Two passivation layers that coated the nanowires and a Pt layer for signal collection at the tip of the nanowires can be clearly seen in the cross-section. It is noted that the nanowire probe pierced through the cellular membrane in a bent shape, possibly due to compression by the weight of the cells. A robust passivation layer also acts as a buttress, which supports a nanowire against the cell. Figure 3c also shows that the membranes of the cells perforated VS-4718 order by the vertical nanowire probe adhere closely to the top passivation layer without any voids. This tight coupling of the membrane and the SiO2 layer prevent the cytoplasm of the GH3 cell from
mixing with the culture medium and the standard bath solution. By thus isolating the cells physically, it is possible to record the electrical selleck activity inside of the cell OICR-9429 in an intercellular mode.
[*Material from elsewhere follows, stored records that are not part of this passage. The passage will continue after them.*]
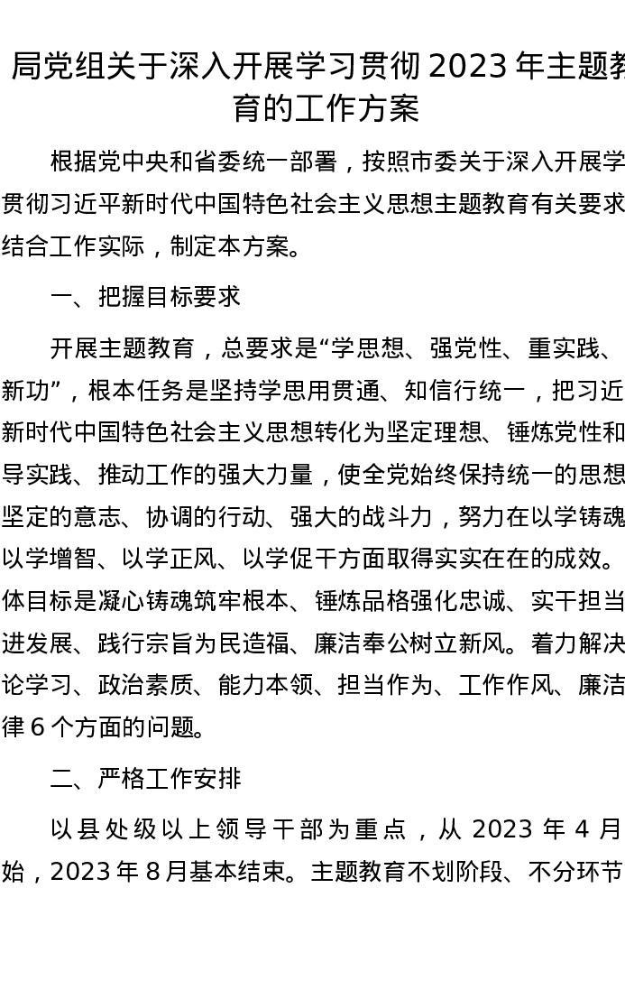 局党组关于深入开展学习贯彻2023年主题教育的工作方案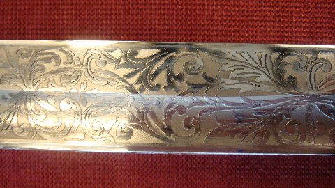 Flot Dansk Embedsmands sabel fæste i forgyldt og med perlemorsbesat fæste og dekoretet i klinge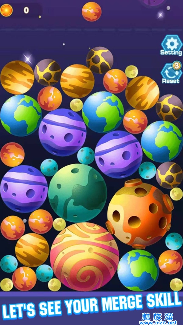 2、快速的进行消除挑战,利用到不同星球的合成方式,不断的消除合成更大的星球获取分数。

Conclusion We demonstrated a vertical nanowire probe can be used as a tool for intracellular probing of the electrical activity of single cells. The results indicate that interfacing of vertical grown nanowires with neuronal cells (i.e., intercellular penetration), which is essential to probe living cells in an intracellular mode, can be successfully
achieved by controlling the diameter, length, and density of the nanowires. It has been demonstrated that the device structure, which consisted of passivation layers and signal collector layers, is mechanically Selleck Atezolizumab robust and can overcome the mechanical resistance from the cells and is also electrically workable for probing the action potential. It is also shown that intracellular signaling is possible, because the nanowire probe is interposed in the GH3 cell and the cell membrane is tightly attached to the passivation layer. There have been previous studies involving vertical nanowire array electronic devices [40–42] indicating the feasibility of producing vertical nanowire
probes on a large scale. The outcomes of this study can be easily extended to the signaling of neural networks such as cultured primary neurons or brain slices, where it is necessary to measure long-term cellular activity in a large working area [43, 44]. Acknowledgements This work was supported by the National Research Foundation of Korea (NRF) grant, funded by the Korea government (MEST) (no. 2012R1A2A1A03010558) and the Pioneer Research Program for Converging Technology (no. 2009-008-1529) through the Korea Science and Engineering Foundation funded by the Ministry of Education, Science & Technology. Electronic supplementary material Additional file 1: Figure S1: TEM images of the synthesized Si nanowires. (a) Low magnitude TEM image of the Si nanowire. The diameter of Si nanowire is approximately 60 nm. (b) High-Resolution TEM image of the Si nanowire. The inset of Additional file 1: Figure S1b is a SAED pattern of the Si nanowire.